Maybe I’ve made Mom my excuse every time. For Cara, college, my future.
But if my fear comes from me, I can fight it for myself.
Sitting with Dave and his friends, a plate full of half-finished pancakes before me, my thoughts return to the one thing I need to do. I stand up from the table, searching the room for a particular ponytail.
Juniper
I LOVED THE Primal Scream at first. The frenetic buzz was exactly how I’d imagined it when I read up on the tradition over my solitary dinner in Philly. When I entered Sharples Hall, I went up to the first girl I found and asked if she comes every semester. She told me she did, and I wanted to keep talking to her, but she got a text and walked off to join her friends.

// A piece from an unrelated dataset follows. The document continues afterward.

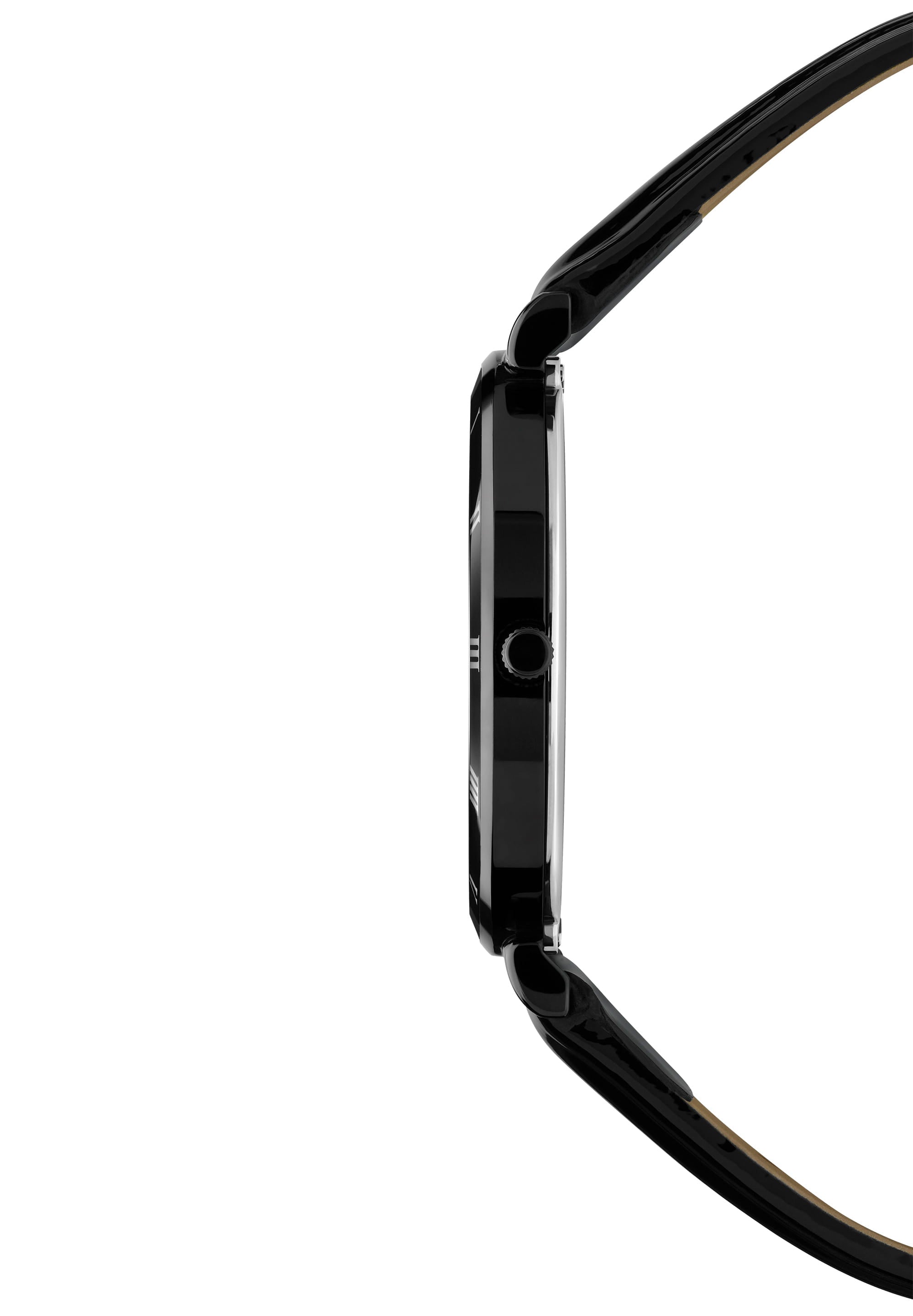 The watch comes with a smooth black genuine leather strap that not only enhances its overall look but also provides comfort during wear. The strap is made from genuine patent leather, ensuring a luxurious feel against the skin. Additionally, the band width of 18mm allows for easy interchangeability, thanks to the quick-release feature. This means you can easily switch out the strap to match your outfit or mood.

Enveloped in the crowd, I wove through tables, looking for Fitz. But the countdown began before I found him. The seconds wound down to midnight, and the room erupted. I prepared to join the hundreds of voices screaming themselves hoarse, pouring out their every emotion in one cathartic rush.
I couldn’t. My lungs, my heart, wouldn’t. I have things I want to scream. The day with Fitz, everything with Matt, the pressures of my family. I just couldn’t.
I hated the feeling. Everywhere around me, students were clinging to each other, laughing, coming together, and all I felt was alone.
I walked out of Sharples Hall into the night, where I heard the echoed screams of students who couldn’t come to the dining hall joining in from their dorm rooms. I’ve been wandering the campus for the past ten minutes, my thoughts a blizzard colder than the wind on my face. I can approach someone and ask her about her school, her major, whatever, but that won’t make me her friend. I could be in exactly this position next year, in a crowd of friendly faces and yet entirely alone. Except next year, I won’t be returning to high school with my friends, with my sister, at the end of winter break.